Try it
Your output should be the lines from the one containing "Anyway, this is" through the last line below, both ends included, exactly as written and free of pictures.
━━━ Supplied data ━━━
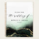 Ethereal Mist Ombre Emerald Green Watercolor Moody Wedding Design with hand painted watercolor misty wash fading background texture, gold foil look veining lines, and trails of confetti dots and edges. A trendy and Modern Look for any season, with soft dreamy colour palette : Black, Mint Green, White, and gold, with a chic popular brush Script lettering Font - Personalized Wedding Save the Date Weekly / Monthly Planner!
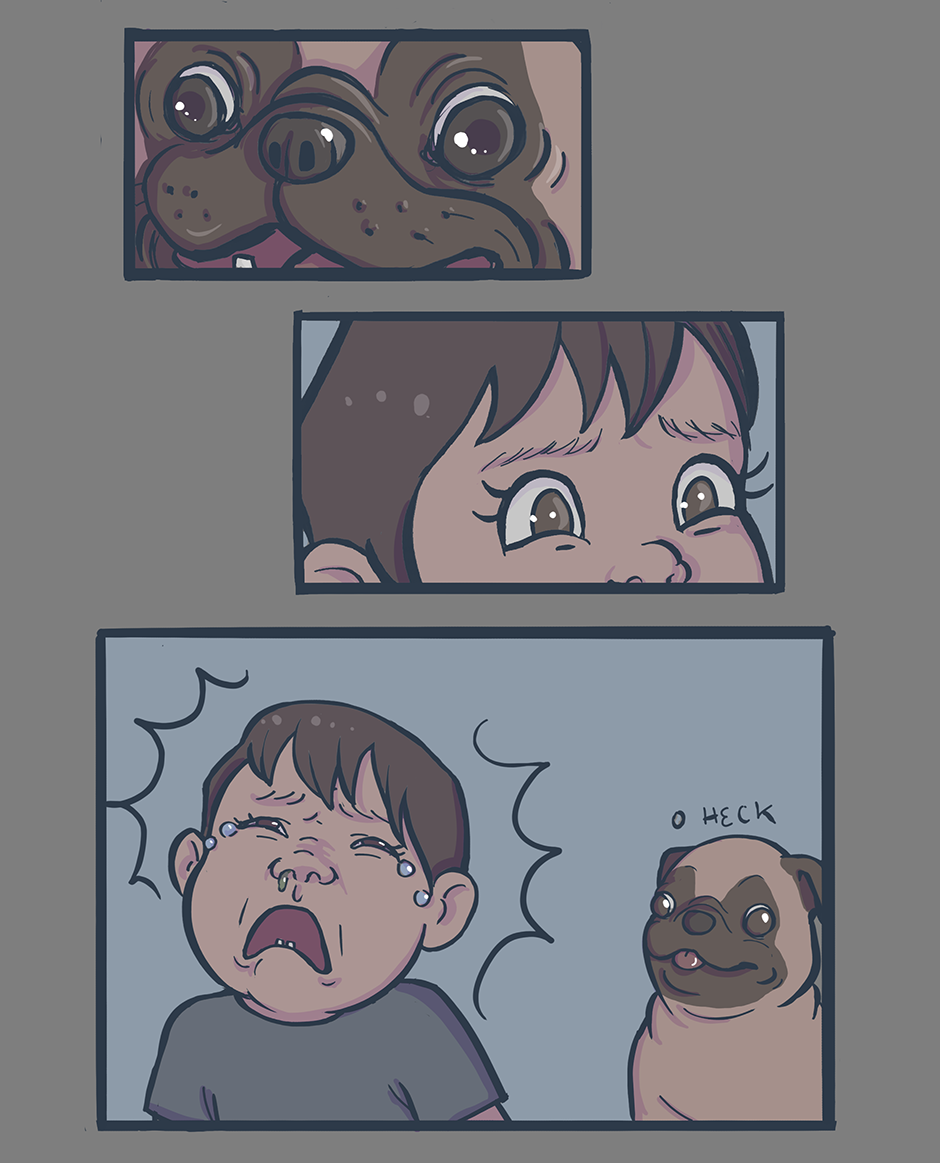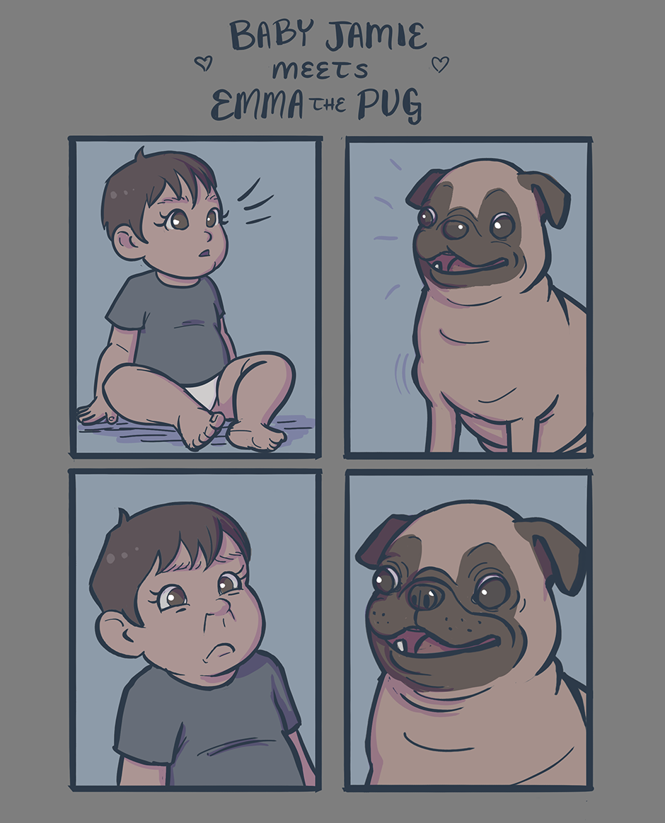 Anyway, this is based on true events, featuring our nine-month-old nephew Jamie, and Bobbi's family dog, Emma. We're not sure if it was her looks or her excited grunty sounds, but Jamie was Not Having It. He likes all other dogs, though!
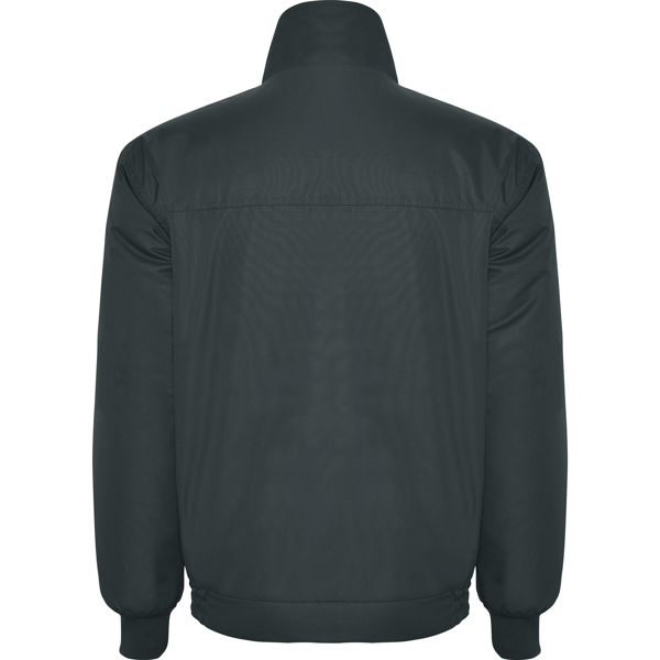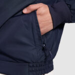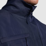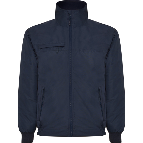 Casaco alcochoado impermeável. Fecho de correr central no mesmo tom, com protector de queixo e puxador no ziper. Gola alta com interior forrado em micropolar. Um bolso no peito e dois laterais com fecho e lapela. Punhos ajustáveis canelados 1×1. Acesso interior para execução de serigrafia ou bordado. Apropriado para o sector laboral.
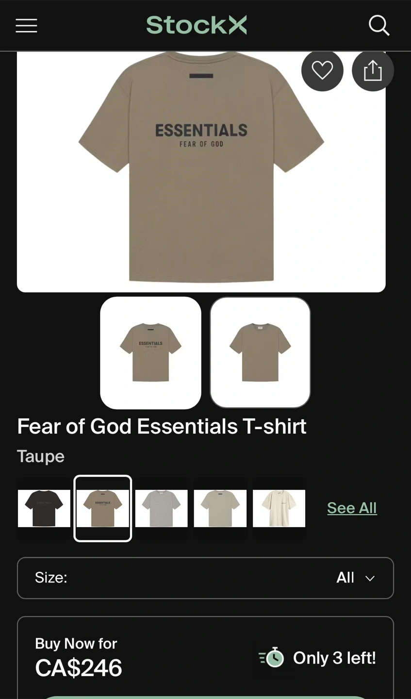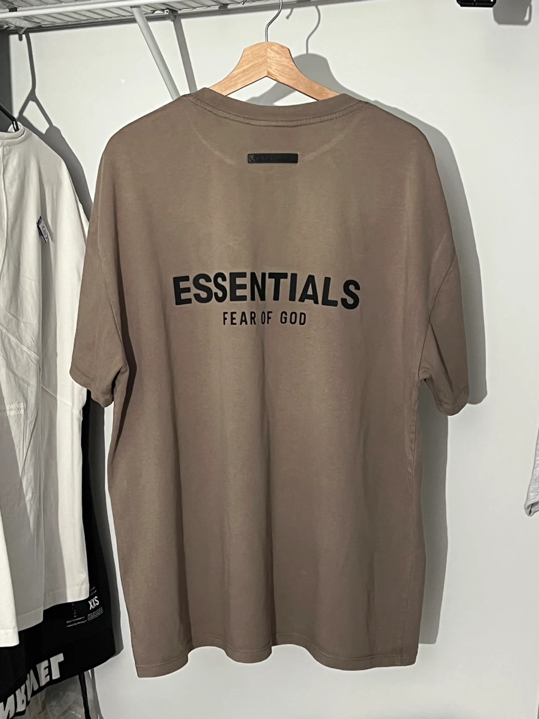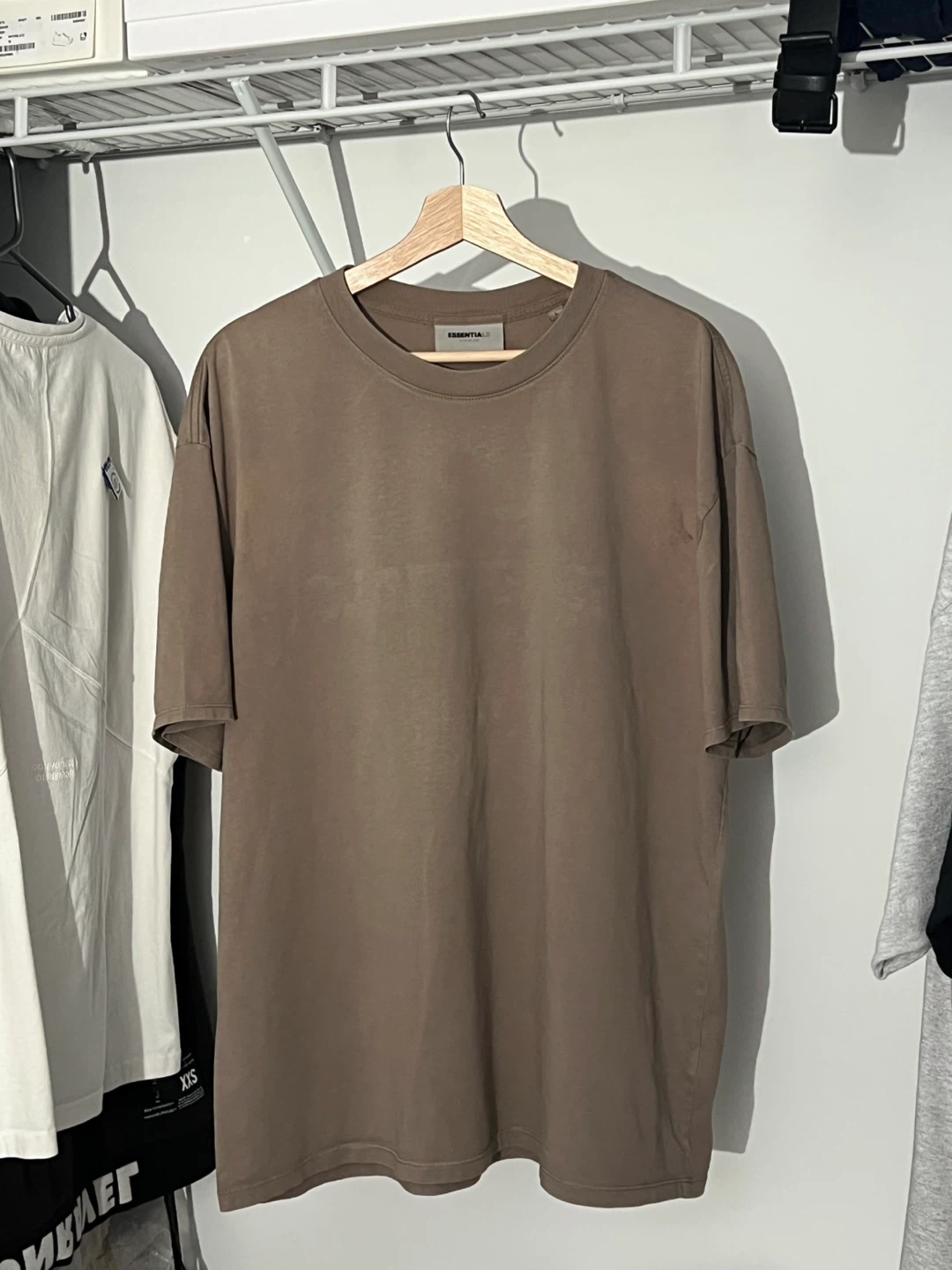 Selling a Fear of God Essentials T-shirt in taupe. This is a stylish and comfortable tee, perfect for everyday wear.
━━━
Output of the task
 Anyway, this is based on true events, featuring our nine-month-old nephew Jamie, and Bobbi's family dog, Emma. We're not sure if it was her looks or her excited grunty sounds, but Jamie was Not Having It. He likes all other dogs, though!
 Casaco alcochoado impermeável. Fecho de correr central no mesmo tom, com protector de queixo e puxador no ziper. Gola alta com interior forrado em micropolar. Um bolso no peito e dois laterais com fecho e lapela. Punhos ajustáveis canelados 1×1. Acesso interior para execução de serigrafia ou bordado. Apropriado para o sector laboral.
 Selling a Fear of God Essentials T-shirt in taupe. This is a stylish and comfortable tee, perfect for everyday wear.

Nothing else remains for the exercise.